A $500 million agreement has been reached for dedicated transmission lines for renewable energy projects in India.
India’s state-owned power transmission infrastructure developer, Power Grid Corporation of India (PGCIL), announced last month that it secured $500 million of debt funding from the Asian Development Bank fund the project.
The transmission lines will run from Rajasthan on the western side of the country through to neighbouring Punjab and Haryana.
Rajasthan has the highest concentration of wind and solar energy projects in north India, while agricultural states Punjab and Haryana are constrained by cost and availability of land preventing the development of large-scale renewable energy plants.
The project has previously received funding from the Asian Development Bank and Germany’s KfW.
The latest funding will be used for setting up new direct current terminals in the states of Tamil Nadu, Kerala, and Chhattisgarh.
PGCIL has already operationalised the second phase of the green corridor programme.
The company has also allocated a transmission project in Andhra Pradesh, while completing the tendering process for projects in Madhya Pradesh and Karnataka – all of which have completed multiple auctions under their respective solar energy policies.

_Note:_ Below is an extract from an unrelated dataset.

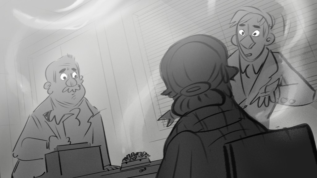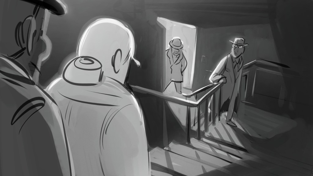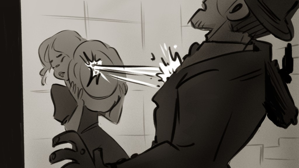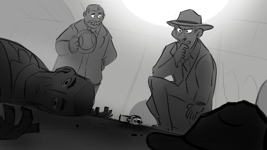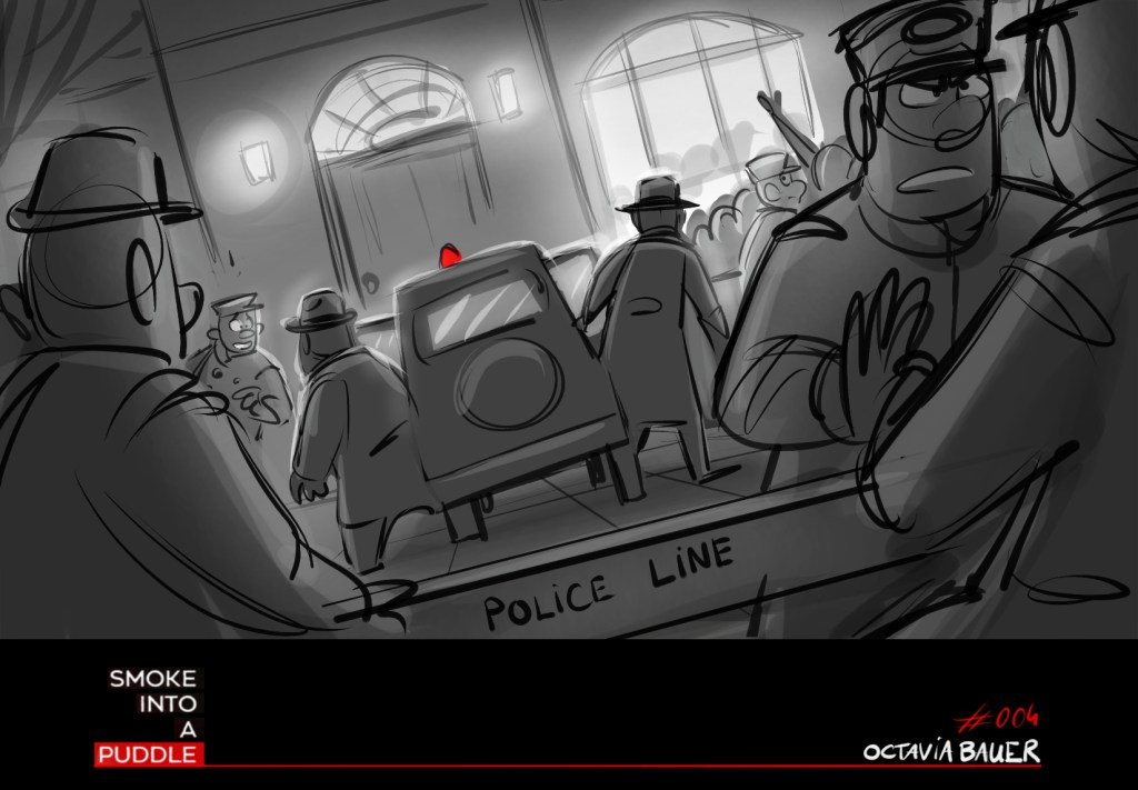 A beatboard from a story I wrote about guns, a girl, and inspectors.

The news follows the announcement that the Central Electricity Regulatory Commission (CERC) has announced plans to lower the floor price of solar renewable energy certificates (REC) from 1 April, 2017.
If the cost of renewable energy and storage continues to fall at current rates, India could phase out coal power completely by 2050 – significantly outperforming its commitments under the Paris Agreement.
Furthermore, according to plans laid out in India’s latest union budget, almost every railway station in the country will soon be powered by solar energy.